Provided material:

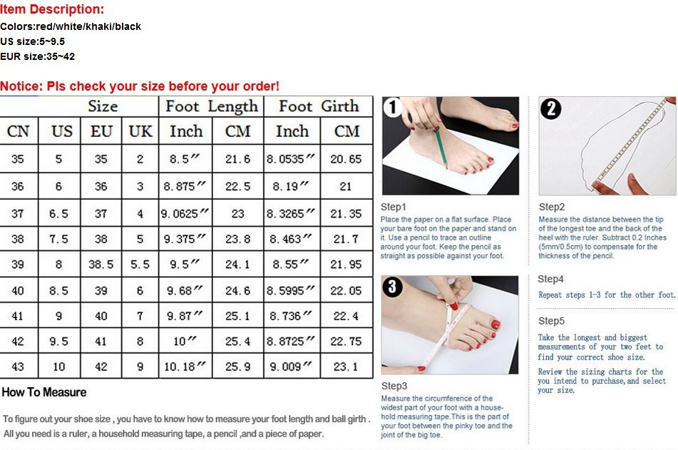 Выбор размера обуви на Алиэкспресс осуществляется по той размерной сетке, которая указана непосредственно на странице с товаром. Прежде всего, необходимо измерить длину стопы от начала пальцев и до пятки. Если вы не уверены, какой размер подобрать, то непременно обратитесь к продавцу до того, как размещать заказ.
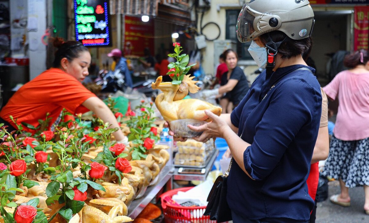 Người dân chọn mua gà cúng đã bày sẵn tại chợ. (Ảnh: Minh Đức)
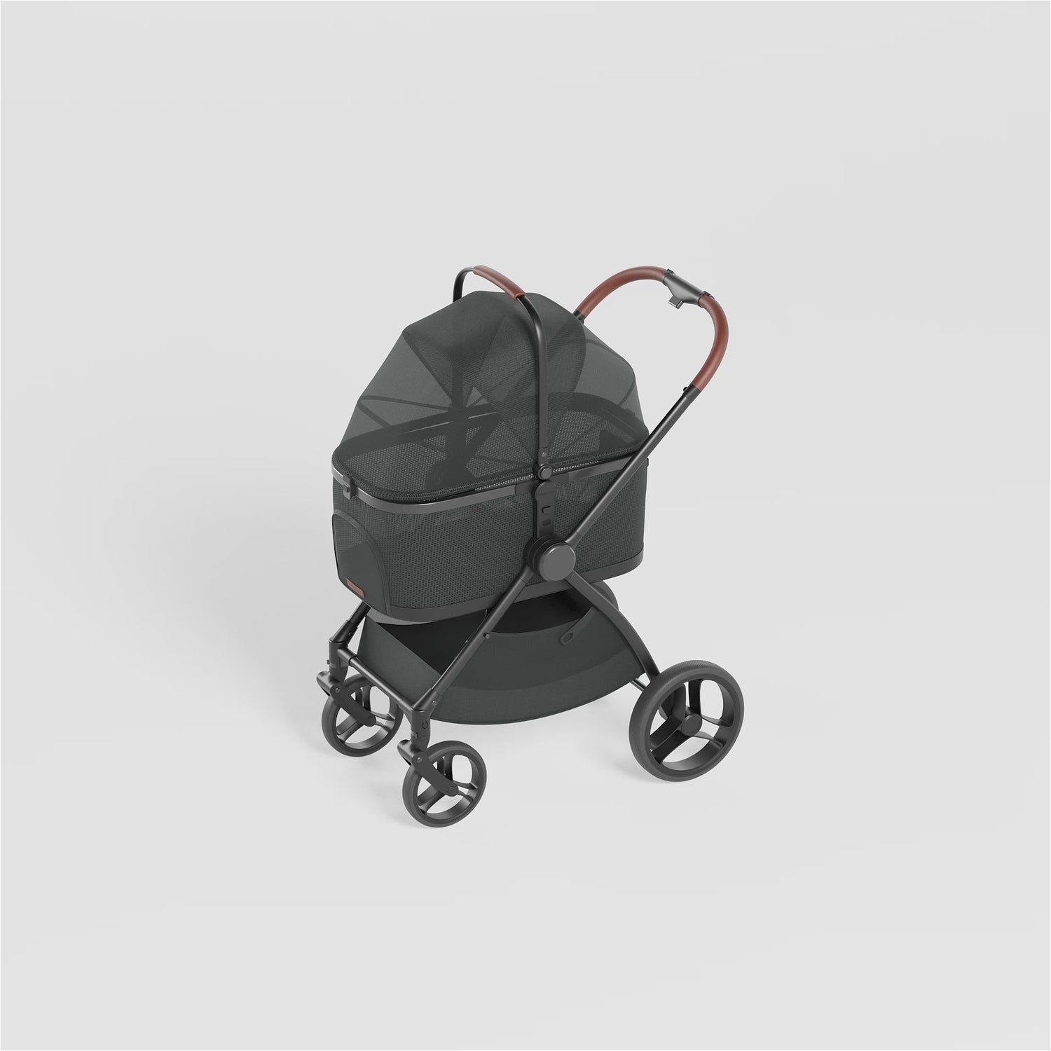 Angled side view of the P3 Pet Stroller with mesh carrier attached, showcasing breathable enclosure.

Your goal:
Pictures stay out; the data above is to be returned exactly.

Exercise result:
 Выбор размера обуви на Алиэкспресс осуществляется по той размерной сетке, которая указана непосредственно на странице с товаром. Прежде всего, необходимо измерить длину стопы от начала пальцев и до пятки. Если вы не уверены, какой размер подобрать, то непременно обратитесь к продавцу до того, как размещать заказ.
 Người dân chọn mua gà cúng đã bày sẵn tại chợ. (Ảnh: Minh Đức)
 Angled side view of the P3 Pet Stroller with mesh carrier attached, showcasing breathable enclosure.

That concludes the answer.